Корпоративизм: претензии и эмпирические данные

Классический корпоративизм, например у Муссолини, стремился перестроить капиталистическую экономику так, чтобы ускоренный экономический рост (рост производительности и различных национальных отраслей) значительно превосходил скромные возможности континентального капитализма. От государственного сектора требовалась большая инициативность, от частного – большая управляемость, а для собственников все это стало «собственностью без контроля». Стремление к большему росту национальной экономики и могущества должно было подчиняться соображениям солидарности и «социальной защиты». Она означала «консультации» государства с «социальными партнерами», а также субсидирование регионов или отраслей.
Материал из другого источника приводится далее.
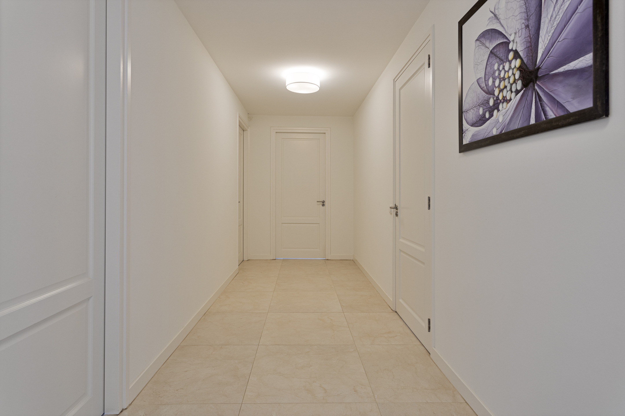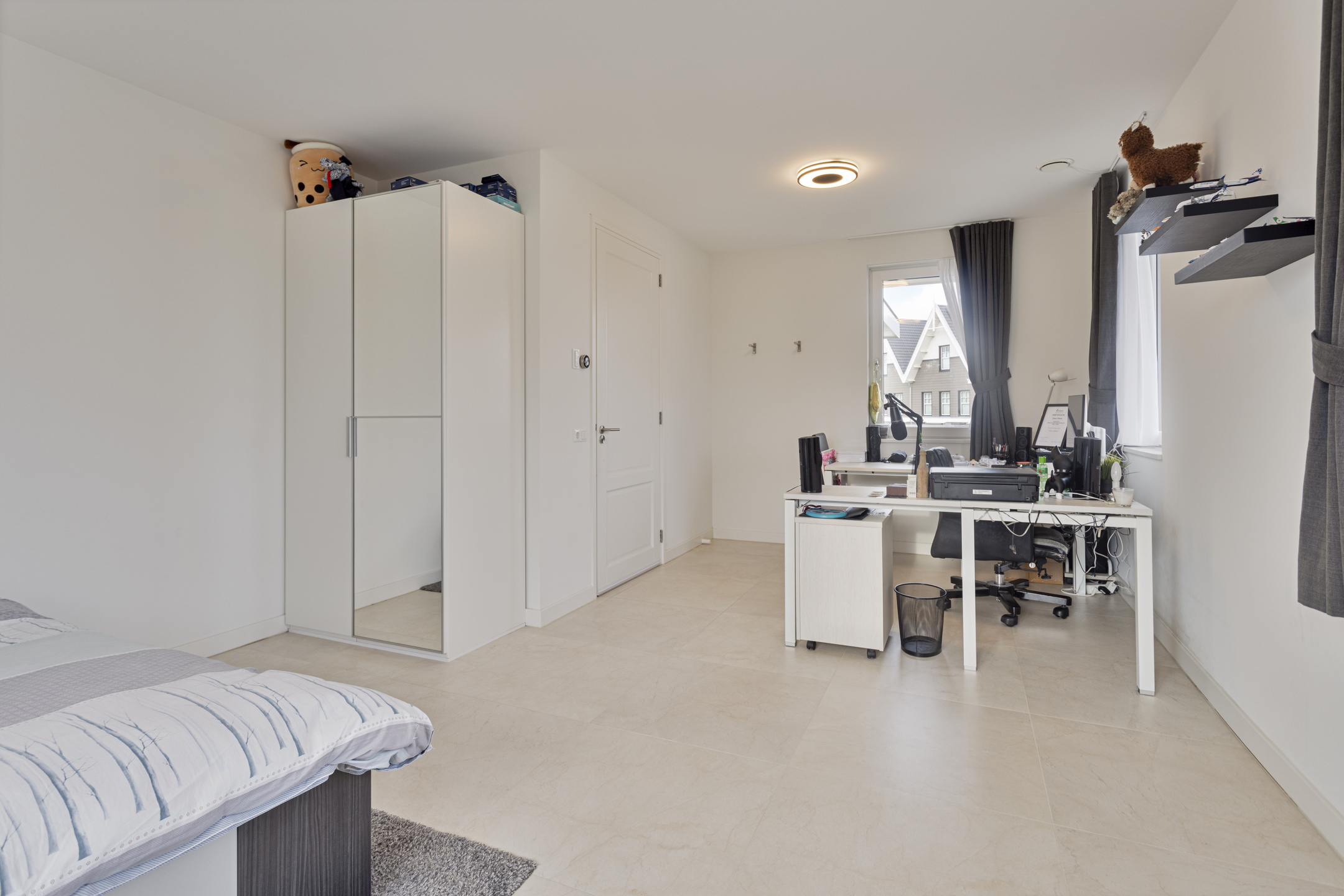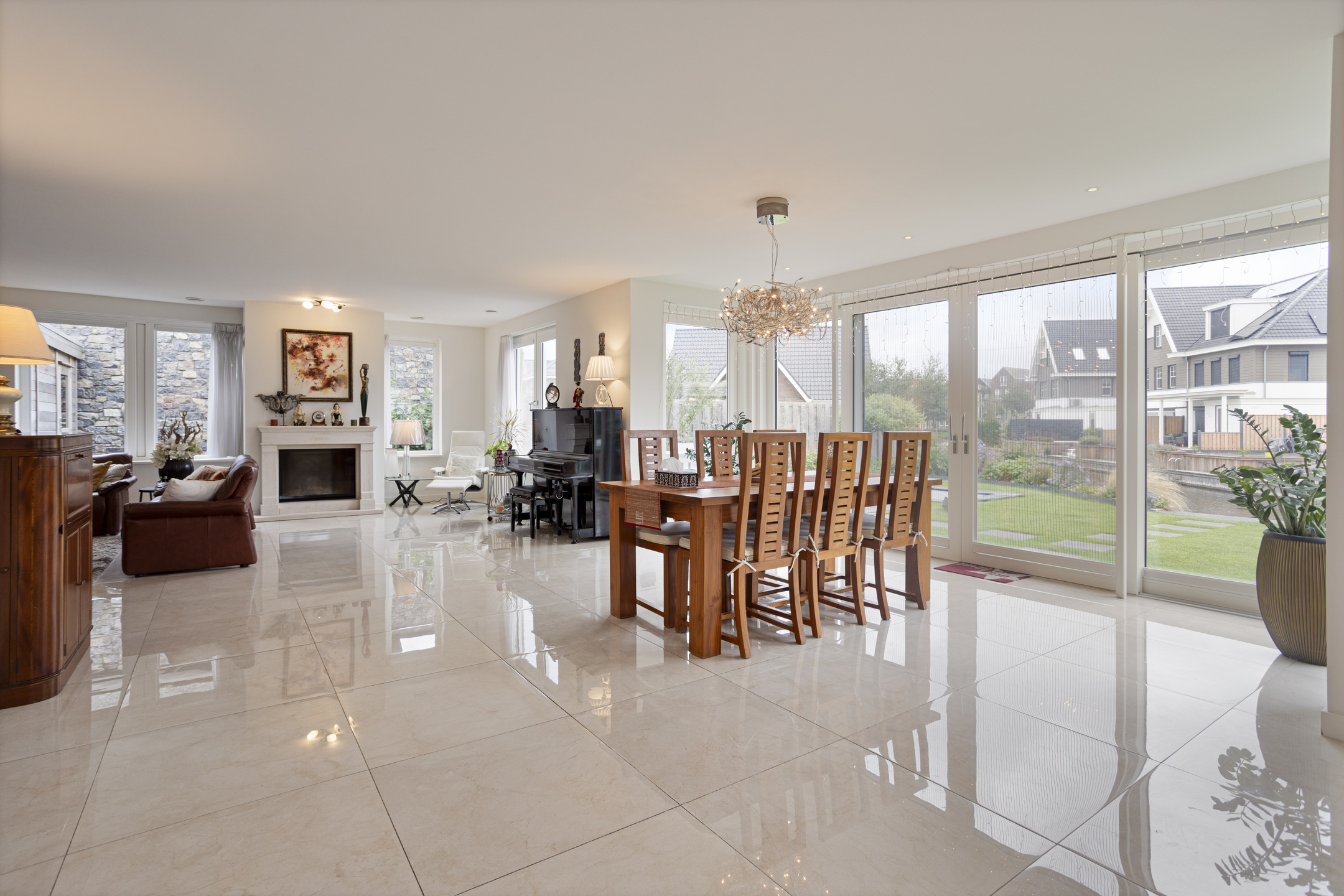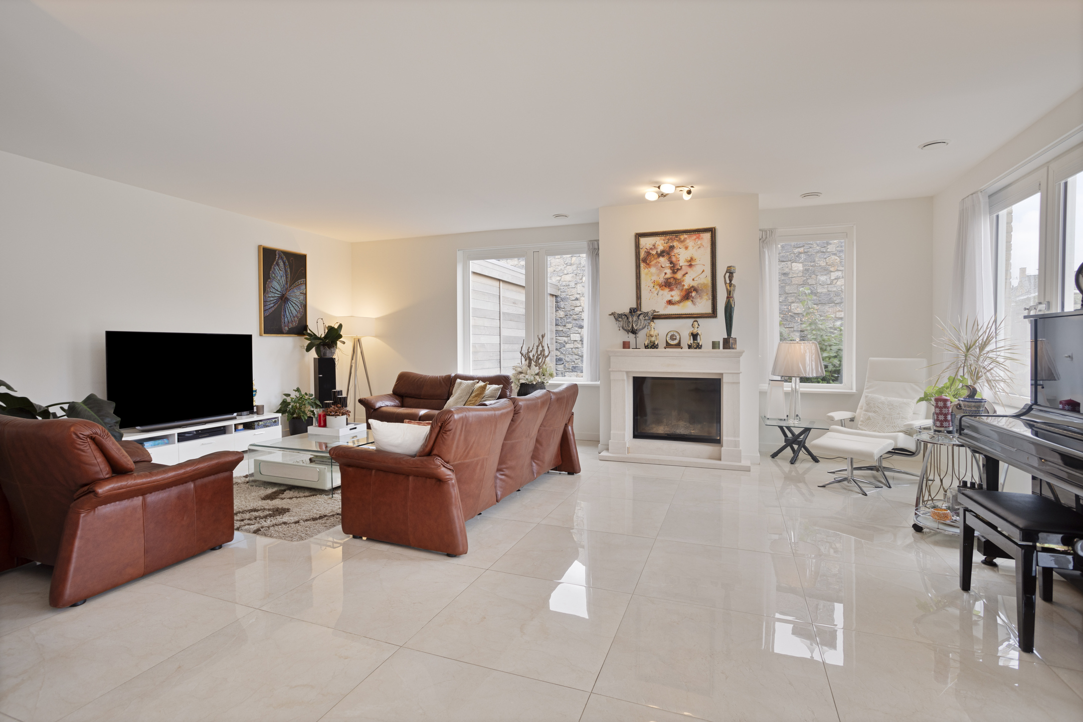 Spacious and bright entrance with toilet and storage cupboard. On the left there is a beautiful work or play room. On the right side, the door gives access to the double indoor garage. The living area (along with the kitchen) measures over 65 m2 and consists of a spacious and bright living room with fireplace, a dining area in the middle part with patio doors to the garden and a modern and luxurious open kitchen with an 'island', which is of course equipped with all modern equipment.

С точки зрения классического корпоративизма, государство может использовать любые меры во имя солидарности и защиты, когда возникает необходимость в возобновлении экономического роста после его чрезмерного замедления на слишком долгое время.

Эта система, в которой, в принципе, государство способно по собственному разумению вмешиваться в экономику безо всяких ограничений, создает серьезные моральные риски; а в той мере, в какой этим рискам подвержены политики, их прегрешения становятся частью работы системы. Возможно, конституционная демократия способна и готова ограничивать подобные вмешательства, но не всегда ей это удается. Даже в демократии законодатели, преследующие собственные интересы, временами готовы использовать свои голоса, а главы агентств – свои полномочия для поддержки определенных проектов, получая взамен поддержку со стороны групп интересов, которые способны помочь им остаться у власти. В этом политическом процессе «рост» может занимать весьма скромное место в списке приоритетов или даже вовсе исчезнуть из него, даже если его продолжают проповедовать. А когда политики озабочены прежде всего собственной политической поддержкой, «социальная защита» на самом деле тоже уже не имеет большого значения. Политики могут оказаться продажными и предлагать свою защиту регионам, компаниям или профсоюзам в обмен на деньги в конверте – откаты. (В Италии 1990-х годов взяточничество стало настолько всеобщим, что итальянцы сами говорили, что живут в Tangentopoli – «Взяткограде».)

Риски корпоративистской системы этим не ограничиваются. Только если у инсайдеров есть хорошие связи, позволяющие им стать клиентами политиков, система может работать на защиту инсайдеров от аутсайдеров. Клиентам и приближенным государства не нужны контракты, оплачиваемые скудными средствами налогоплательщиков, если их предприятиям дарована монопольная власть. Выигрыш инсайдеров – это проигрыш аутсайдеров, которые могут потерять возможность открыть фирму, проникнуть в ту или иную отрасль, сделать удачную карьеру – и все это не зависит от того, «защищены» ли они субсидиями, обеспечивающими здравоохранение, питание и отопление. Это и есть бремя крайнего корпоративизма: потери одних (немногих или многих), лишаемых таких базовых благ, как карьера, не могут быть морально компенсированы приобретениями привилегированных (будь их много или мало).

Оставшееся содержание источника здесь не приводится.